> _Your instructions_
Begin at the line containing "- Product Colour" and restate it and each line after it exactly, up to and including the last line below. Leave pictures out.

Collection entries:
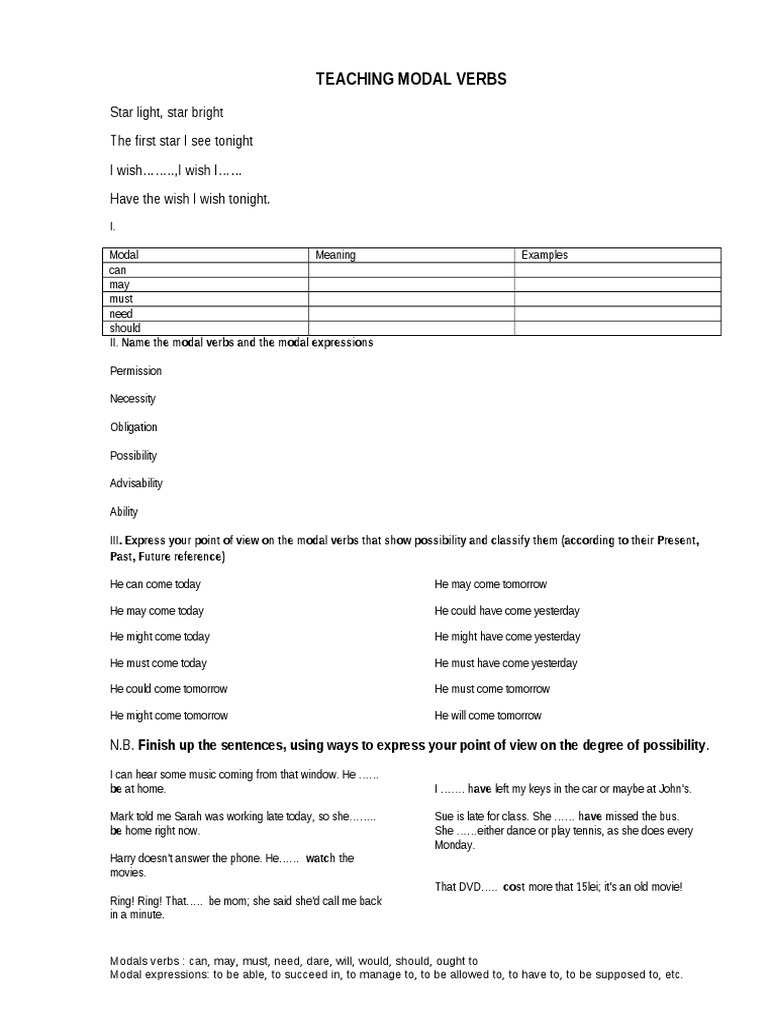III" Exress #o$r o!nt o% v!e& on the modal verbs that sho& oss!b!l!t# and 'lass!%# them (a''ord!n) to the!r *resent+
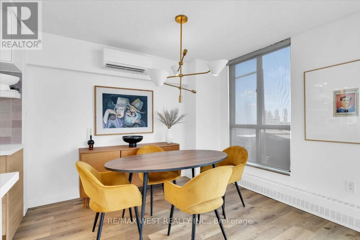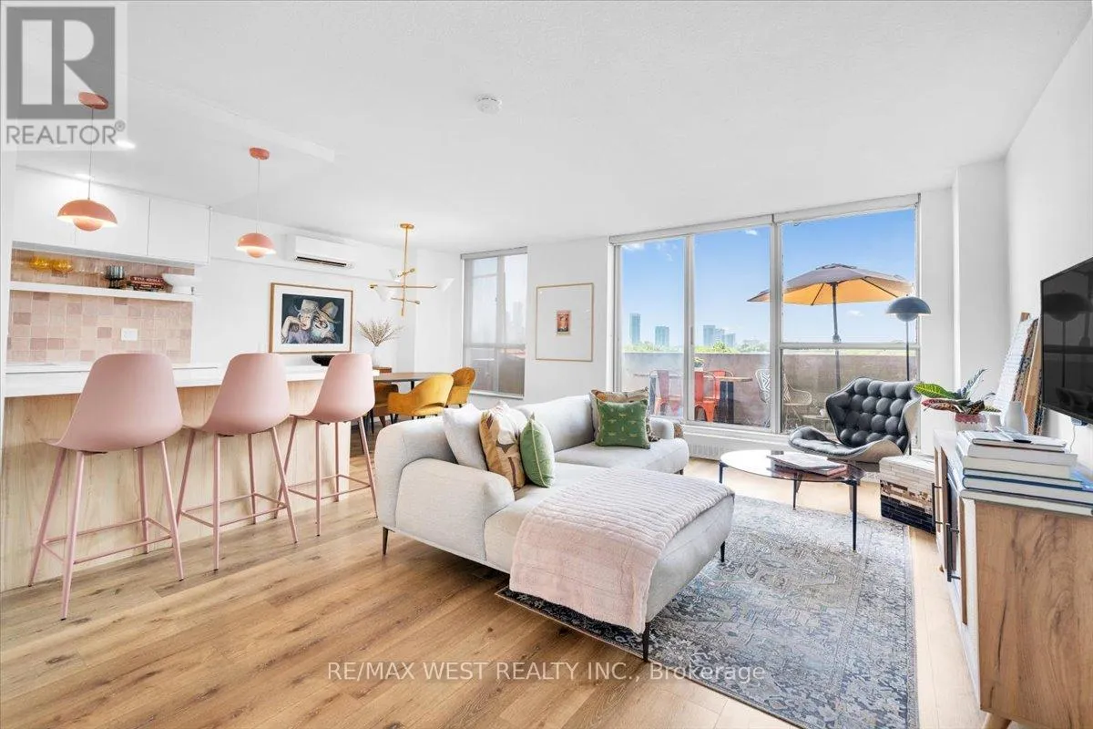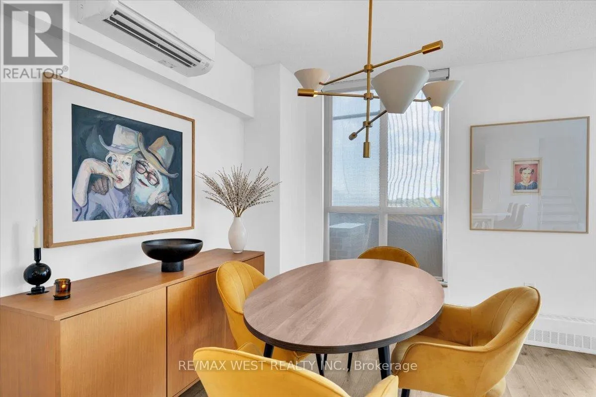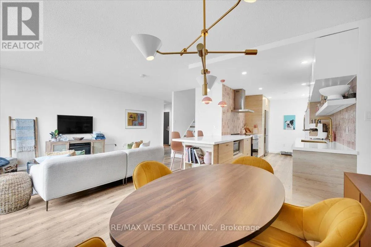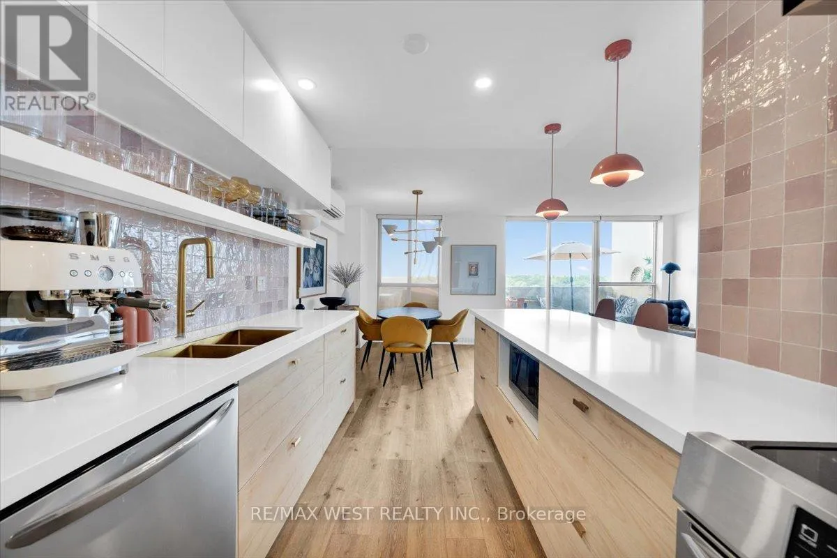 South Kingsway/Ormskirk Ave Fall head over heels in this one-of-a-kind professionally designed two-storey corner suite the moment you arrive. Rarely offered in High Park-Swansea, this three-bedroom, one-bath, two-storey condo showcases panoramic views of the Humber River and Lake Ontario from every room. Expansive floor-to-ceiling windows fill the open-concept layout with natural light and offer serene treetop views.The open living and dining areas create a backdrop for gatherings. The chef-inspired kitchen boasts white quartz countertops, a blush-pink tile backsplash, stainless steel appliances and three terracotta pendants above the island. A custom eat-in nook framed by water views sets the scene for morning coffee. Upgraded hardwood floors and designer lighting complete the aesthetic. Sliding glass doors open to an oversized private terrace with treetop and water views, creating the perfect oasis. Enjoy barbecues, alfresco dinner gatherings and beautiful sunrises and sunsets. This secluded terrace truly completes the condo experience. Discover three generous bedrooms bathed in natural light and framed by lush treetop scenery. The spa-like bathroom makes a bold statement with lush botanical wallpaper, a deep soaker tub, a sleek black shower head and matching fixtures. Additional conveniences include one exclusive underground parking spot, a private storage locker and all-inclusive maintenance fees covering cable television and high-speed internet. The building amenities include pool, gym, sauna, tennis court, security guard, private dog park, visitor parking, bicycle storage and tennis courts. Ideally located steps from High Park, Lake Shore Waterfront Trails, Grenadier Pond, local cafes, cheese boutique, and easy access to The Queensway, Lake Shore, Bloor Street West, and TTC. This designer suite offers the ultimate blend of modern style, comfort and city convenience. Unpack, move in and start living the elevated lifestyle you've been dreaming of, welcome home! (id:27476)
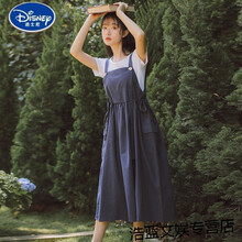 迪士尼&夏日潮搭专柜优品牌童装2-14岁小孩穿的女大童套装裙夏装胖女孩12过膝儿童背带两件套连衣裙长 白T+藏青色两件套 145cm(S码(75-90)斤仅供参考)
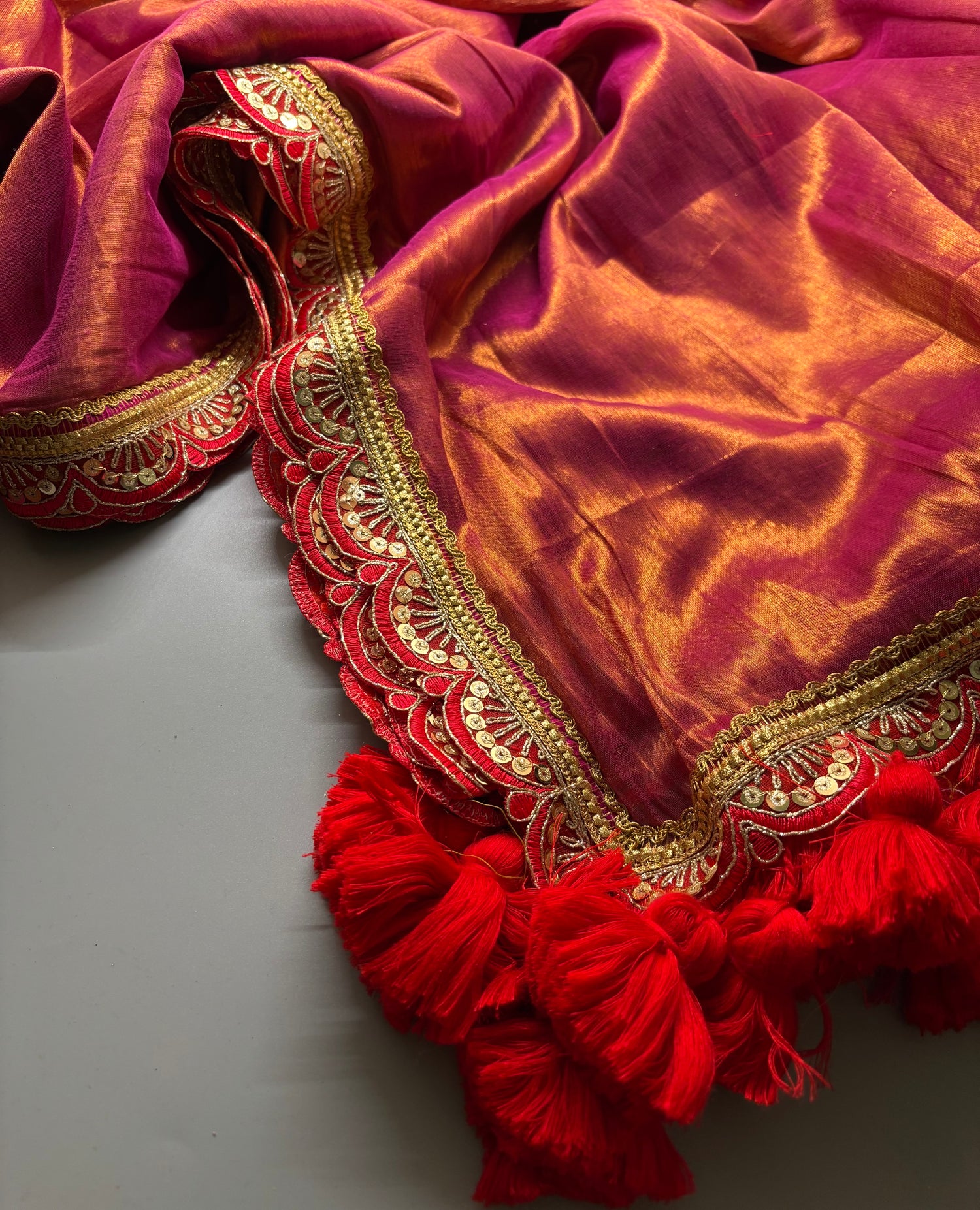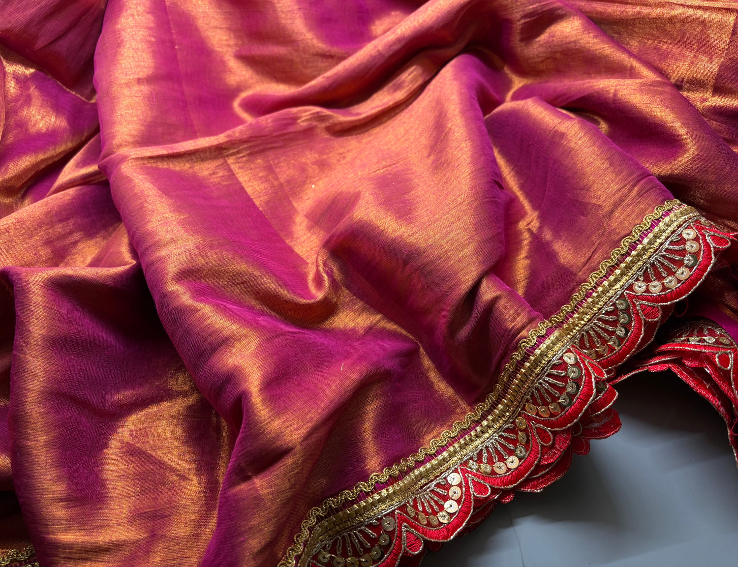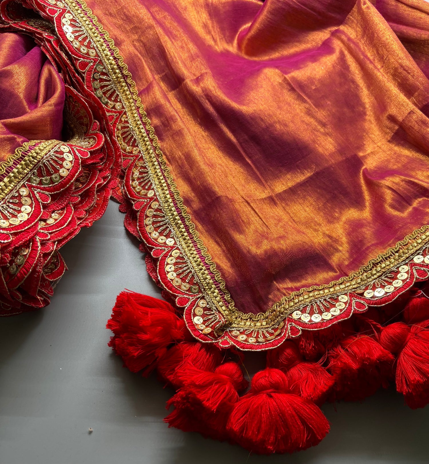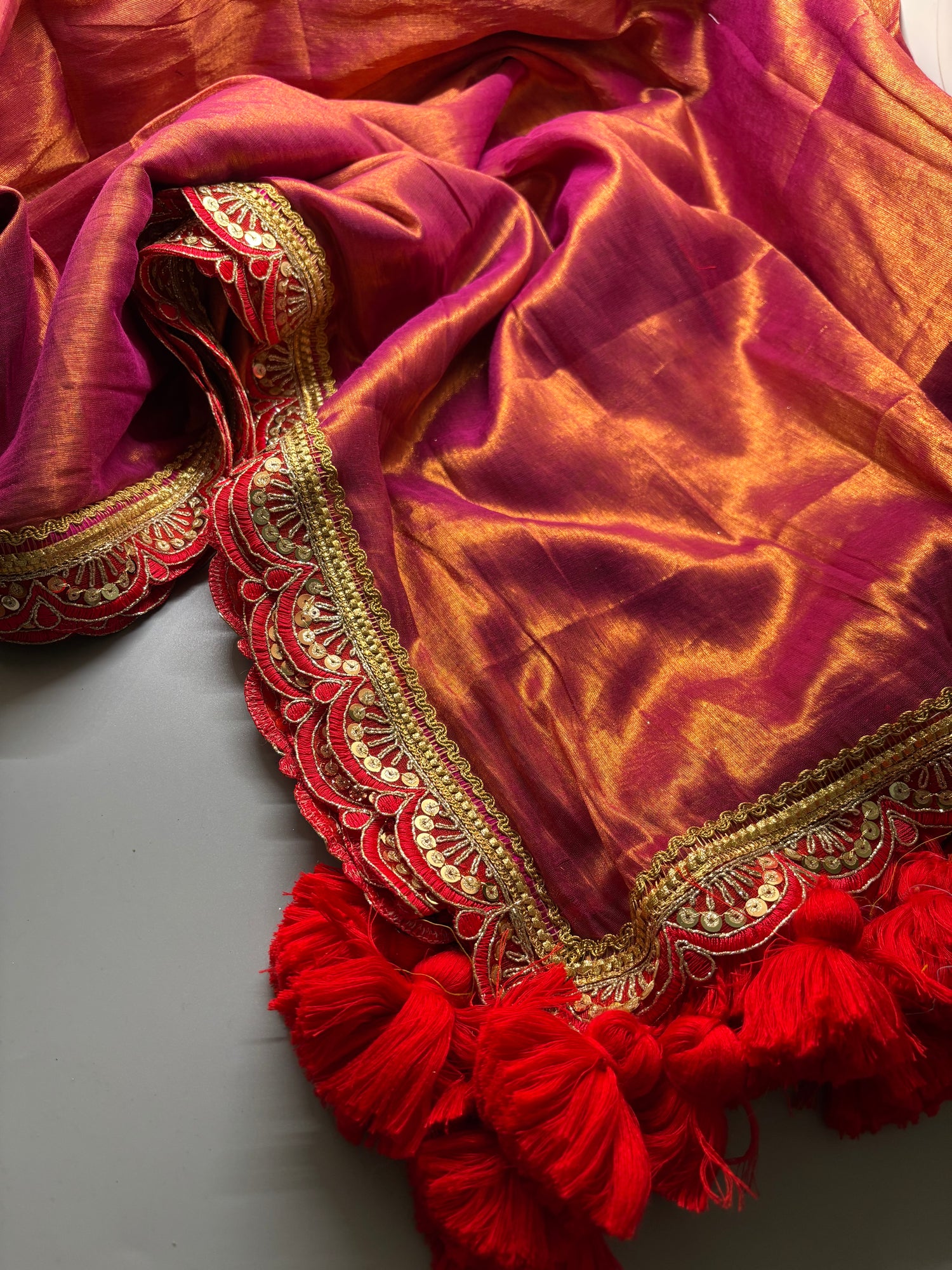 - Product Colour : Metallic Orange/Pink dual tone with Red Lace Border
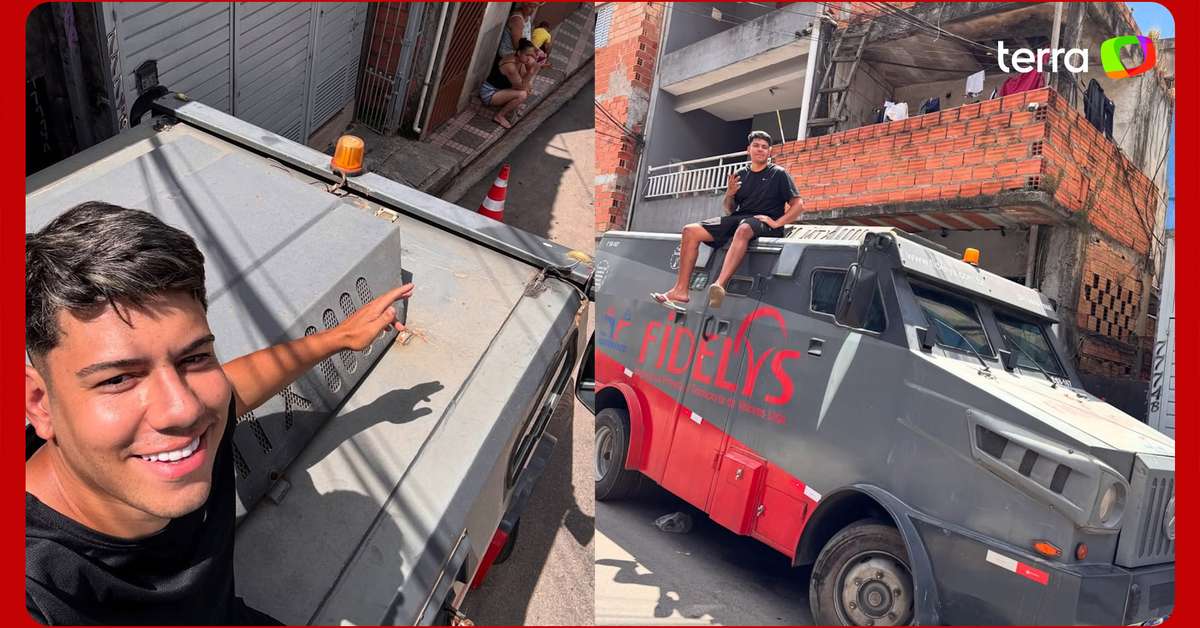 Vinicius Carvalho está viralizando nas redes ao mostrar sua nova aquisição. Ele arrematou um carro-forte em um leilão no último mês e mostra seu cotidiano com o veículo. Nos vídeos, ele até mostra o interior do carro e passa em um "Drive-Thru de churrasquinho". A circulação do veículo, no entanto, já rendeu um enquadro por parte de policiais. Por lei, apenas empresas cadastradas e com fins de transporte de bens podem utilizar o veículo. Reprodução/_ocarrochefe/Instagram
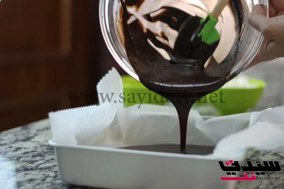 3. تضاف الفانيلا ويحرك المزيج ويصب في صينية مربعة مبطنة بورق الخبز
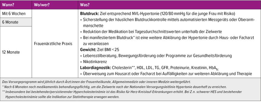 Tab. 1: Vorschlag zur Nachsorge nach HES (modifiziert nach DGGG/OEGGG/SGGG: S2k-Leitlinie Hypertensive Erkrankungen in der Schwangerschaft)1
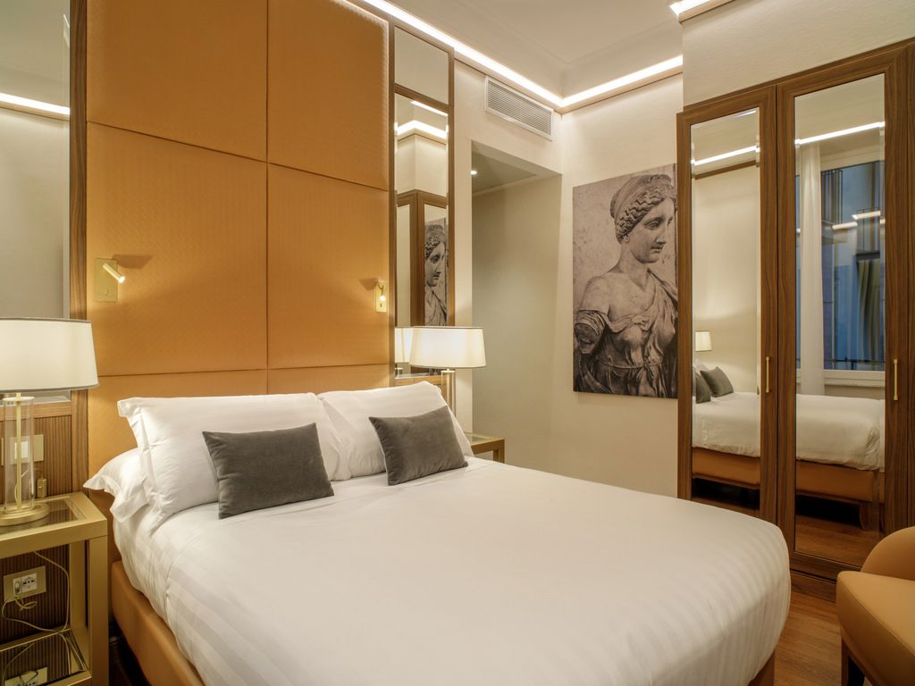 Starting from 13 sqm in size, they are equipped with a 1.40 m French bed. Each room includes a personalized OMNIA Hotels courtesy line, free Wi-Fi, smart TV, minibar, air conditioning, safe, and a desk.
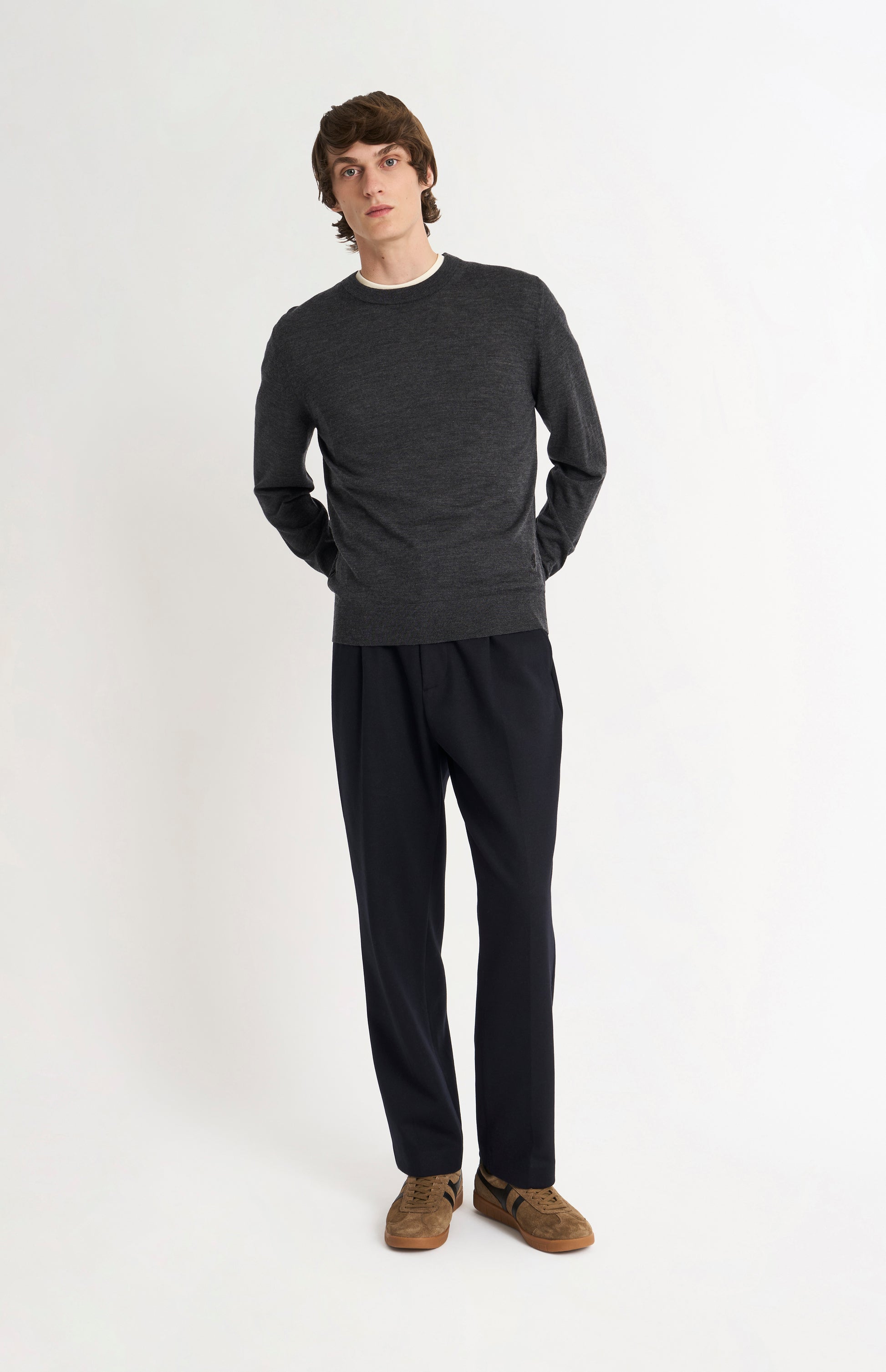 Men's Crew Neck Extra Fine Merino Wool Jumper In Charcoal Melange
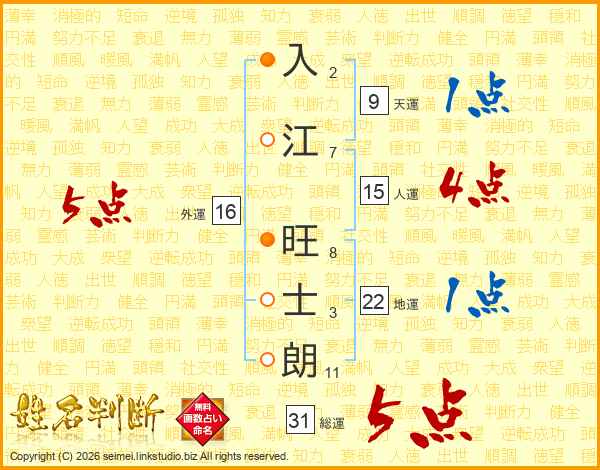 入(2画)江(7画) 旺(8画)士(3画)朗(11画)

> _Problem solution_
 - Product Colour : Metallic Orange/Pink dual tone with Red Lace Border
 Vinicius Carvalho está viralizando nas redes ao mostrar sua nova aquisição. Ele arrematou um carro-forte em um leilão no último mês e mostra seu cotidiano com o veículo. Nos vídeos, ele até mostra o interior do carro e passa em um "Drive-Thru de churrasquinho". A circulação do veículo, no entanto, já rendeu um enquadro por parte de policiais. Por lei, apenas empresas cadastradas e com fins de transporte de bens podem utilizar o veículo. Reprodução/_ocarrochefe/Instagram
 3. تضاف الفانيلا ويحرك المزيج ويصب في صينية مربعة مبطنة بورق الخبز
 Tab. 1: Vorschlag zur Nachsorge nach HES (modifiziert nach DGGG/OEGGG/SGGG: S2k-Leitlinie Hypertensive Erkrankungen in der Schwangerschaft)1
 Starting from 13 sqm in size, they are equipped with a 1.40 m French bed. Each room includes a personalized OMNIA Hotels courtesy line, free Wi-Fi, smart TV, minibar, air conditioning, safe, and a desk.
 Men's Crew Neck Extra Fine Merino Wool Jumper In Charcoal Melange
 入(2画)江(7画) 旺(8画)士(3画)朗(11画)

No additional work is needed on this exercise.